## Your instructions
The required output is the lines from the one with "数据显示,消费者能够接受平均" through the end of the data, repeated verbatim, with no pictures included.
*** Opening Input data ***
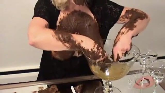 Blonde Romanian woman smearing fresh shit on her big boobs while eating poop with a plastic fork.
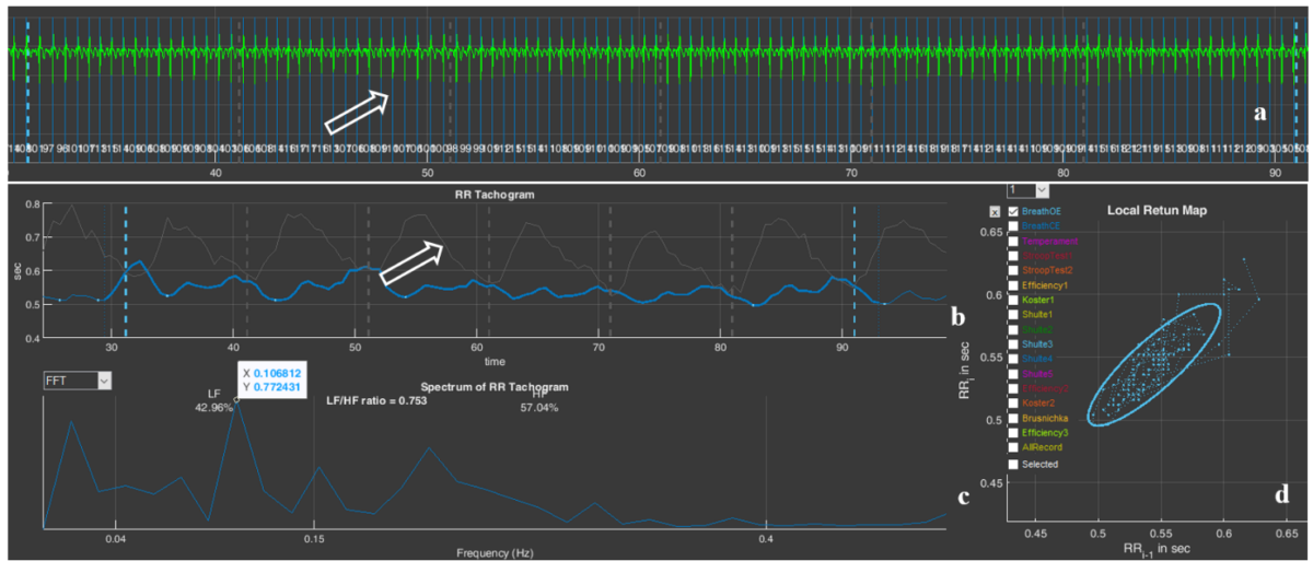 Медленное дыхание, предлагаемое в Rozoom Lab, должно «раскачать» ВСР. Однако в нашем примере размах значений RR интервалов крайне скромен (рис.3.32b). При этом такие показатели как расположение пика спектрограммы по горизонтальной оси в зоне соответствующему 6 /мин (рис.3.32c) и динамика амплитуды зубца R (рис.3.32a), которую более наглядно иллюстрирует огибающая R зубцов (рис.3.32b серая линия), указывают, что респондент дышал в ритме, заданных в тесте. Следовательно низкие значения ВСР можно связать с избыточной активностью симпатической нервной системой, а состояние респондента оценить как стресс.
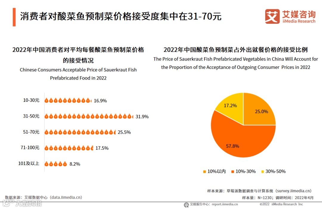 数据显示,消费者能够接受平均每餐酸菜鱼预制菜的价格集中在31-70元,比例达57.4%。有57.8%的消费者能够接受酸菜鱼预制菜的价格占外出就餐的10%-30%。
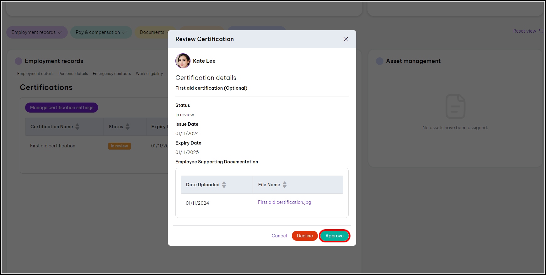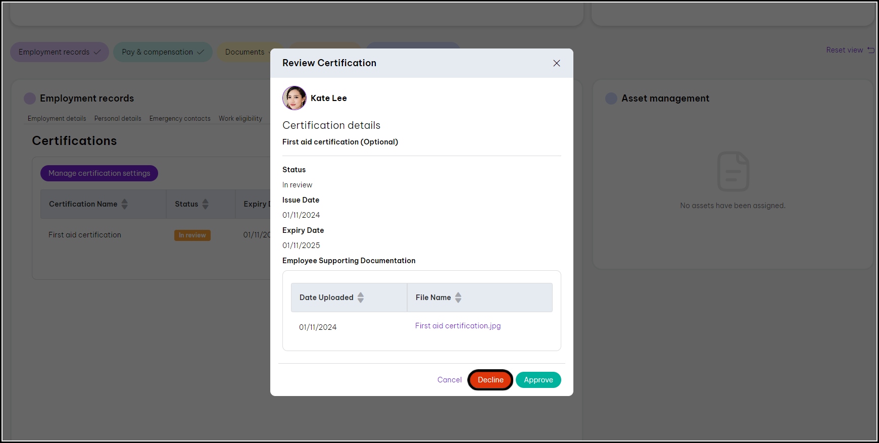 - In review: Employee has completed the certification. However, it requires a primary or secondary manager to approve or decline it.
*** Closing Input data ***
## Written solution
 数据显示,消费者能够接受平均每餐酸菜鱼预制菜的价格集中在31-70元,比例达57.4%。有57.8%的消费者能够接受酸菜鱼预制菜的价格占外出就餐的10%-30%。
 - In review: Employee has completed the certification. However, it requires a primary or secondary manager to approve or decline it.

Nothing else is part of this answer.